BTW: I actually think my base assumption of starting searching in the middle is probably not a good assumption. I tend to find strings generally have leading whitespace rather than trailing whitespace, but it would depend on usage. Take for exampel reading from a text file line by line, if the lines actually have the carriage returns and or line feeds on the and of them, and they are considered whitespace, the optimal may be searching from "near" the end but not at the end.

7.   Geoff Appleby on June 7th, 2005

Bill, no, i think your right in starting from the middle.

Remember, the way the mothod is structured is to find one single non-whitespace char ASAP, and bail out immediately if it does. If whitespace mostly appears on the left or right, it doesn’t matter. most of the time (and we can only talk probabilities here) a non-whitespace char is highly likely to be somewhere near the middle of the string, or not too far away from there.

As for tests, yeah, I have been. I’ll run through Matthew code when I get a chance.

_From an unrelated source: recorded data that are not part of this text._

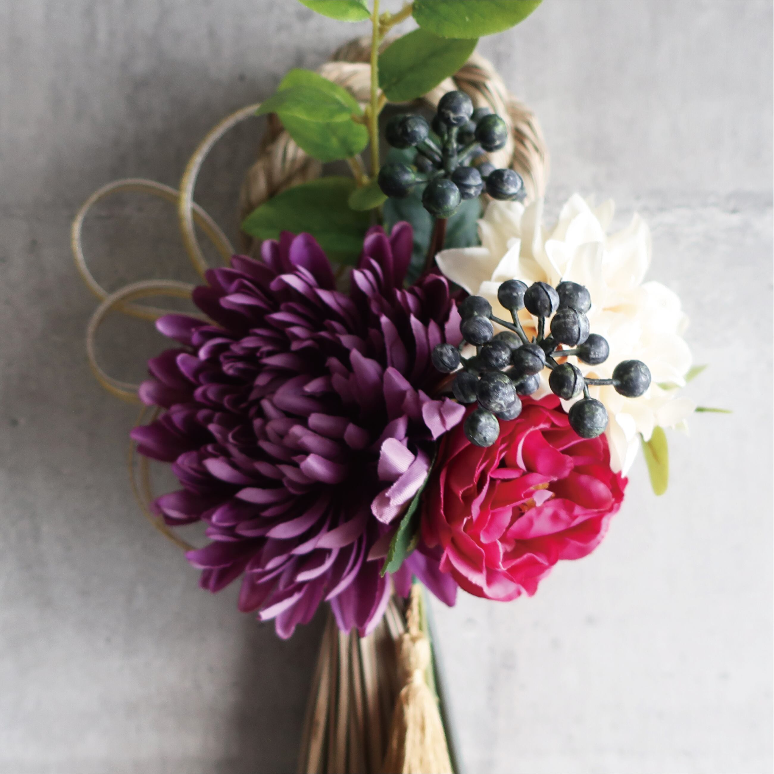 紫の重ね菊をメインにローズ・ダリア等の花々にゴールドの水引の花飾り・タッセルをお付けしたしめ縄飾りです。
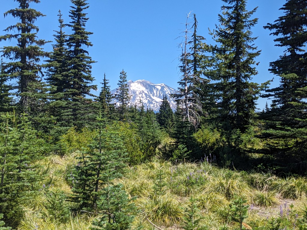 Marshmallow was gone before I got up, but Yardsale and Chickadee were still around. We talked a quick gameplan for the day to get close enough for the hike out to Trout Lake tomorrow morning. Rolling terrain today, no major climbs. 13 before lunch and then 9 after to camp. The morning was a little rough because I gambled on some water sources that turned out to be dry. As soon as we broke from lunch, Ghost walked up. He had done 42 yesterday coming out of Cascade Locks, which means about 11,000 ft of gain for the day. With 26 behind him at 2pm he still planned to hike for 6 more hours. The bugs today got bad, to where we started wearing headnets while hiking. Swatted at them all day, and occasionally applied bug spray. They only swarm when you stop moving, so we took far fewer breaks. Camp was already occupied by some day hikers. We asked if we could join them at their site, and they didn’t mind. As the evening rolled on, more and more hikers rolled in and this giant space is now nearly full. It’s a cool spot next to a river with huge trees all around. Day hikers who ignore campfire bans are idiots though. Looking forward to town tomorrow, a shower and beer awaits.
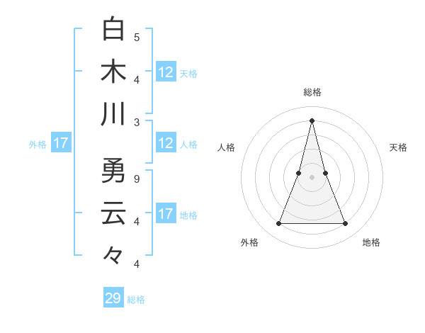 白木川 勇云々さんを姓名の画数から五運を鑑定
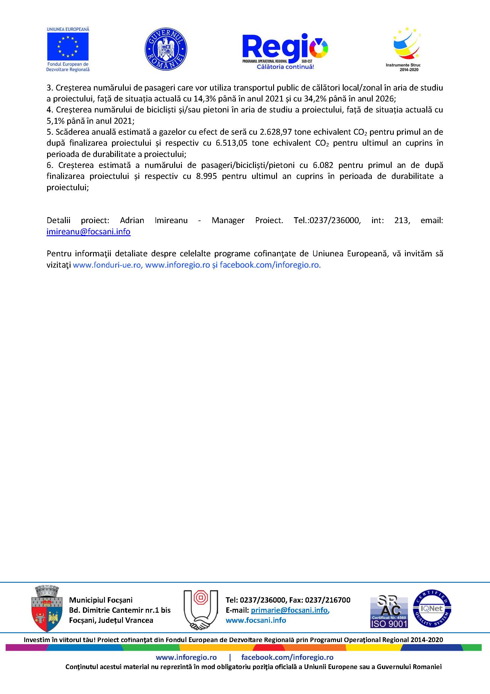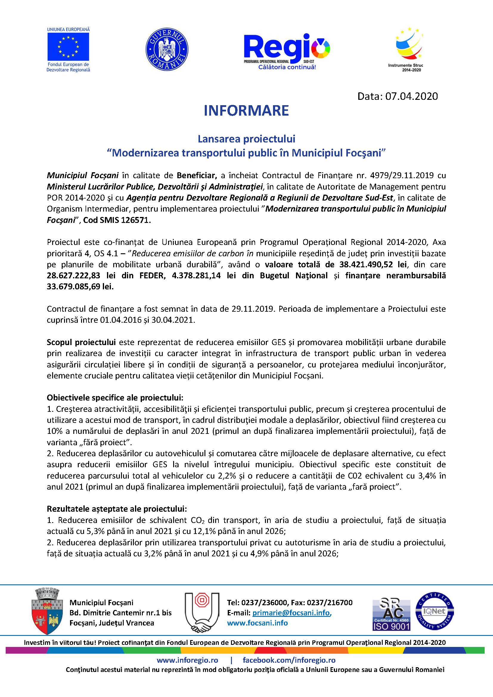 Informare privind lansarea proiectului “Modernizarea transportului public în Municipiul Focşani”
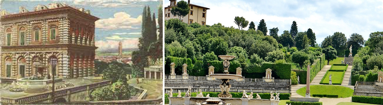 건강이 좋지 않았던 아이들이 도시 중심지보다는 야외의 자연에서 뛰어놀 수 있게 Pitti가문의 소유였던 피티 저 저택{Palazzo Pitti}를 구입하죠. 저택의 뒤 쪽엔, 우거진 지역을 가리키는 고대 명칭인 'de' Boboli'라 불리는 넓은 공간이 있었습니다. 공작 가족은 취향에 맞게 구조를 확장하며 새로운 저택에 어울리는 멋진 정원을 만드는 프로젝트에 착수했고, 여러 건축가들이 수년에 걸쳐 완성한 정원은 오늘날 이탈리아의 3대 정원으로 꼽히는 피렌체의 보볼리 정원{Giardino di Boboli}이 되었습니다.
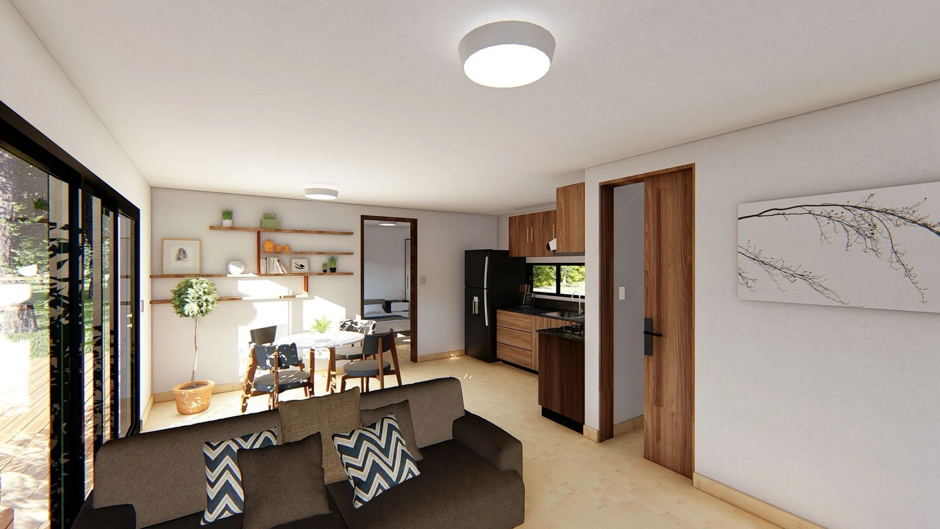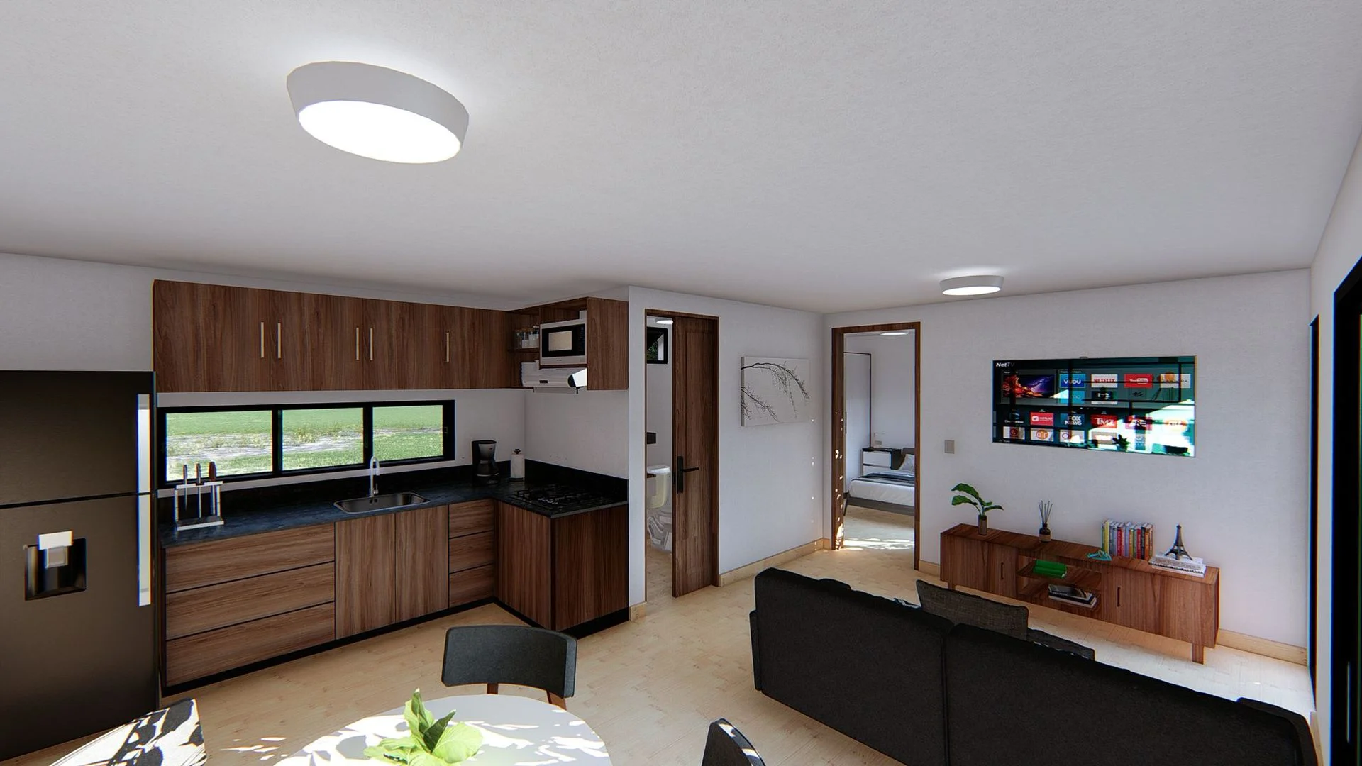 Luminaria LED interior en living comedor, cocina, baño y dormitorios.

8.   Bill McCarthy on June 7th, 2005

Hey Geoff,

I think you’re wrong about me being right. It’s probably not a bad assumption. I think when I look at strings, there’s a reasonable probability they will start with whitespace. Chances of them having more than one consequtive whitespace char in the middle is low, but only if the ratio of test to whitespace is generally large. One example that comes to mind is say parsing an indented XML file. LEt’s assume they use "space" or similar ,not tabs. There the likelihood of the ratio of whitespace to non-whitespace on any given line is likely to be > 1:1,( depending on the depth of the object model and the type of xml output used) in many cases. So for those lines, the ideal spot to start would be near the end. Definetly not at the start, not so the middle, and maybe not the end. We could optimise this better is we knew the whitespace char list was optimised accordingly. That is if it checks for cr’s and lf’ early in the list, then it’s only going to be one or two comparisons for the ending chars, rather than the 20 ro so comparisons it can take ot declare a character as not being whitespace. Obviously the relative efficeincy depends a lot on the whitespace shar list though, whether cr and lf are considered to be whitespace, whether the whitespace lsit is large etc. But If I take the two standard lsits, VB’s 2 char one, and String’s 21 char one, then I think searching from the end in will genrally be the most efficient, as we can reduce the complexity of your code, and with the VB char set, as cr or lf is considered non whitespace, and with the string char set the cr and lf are pretty early on in the list, so the cost of those likely couple of comparisons shoudl be trivial compared to the cost of settign up to say work from the middle out.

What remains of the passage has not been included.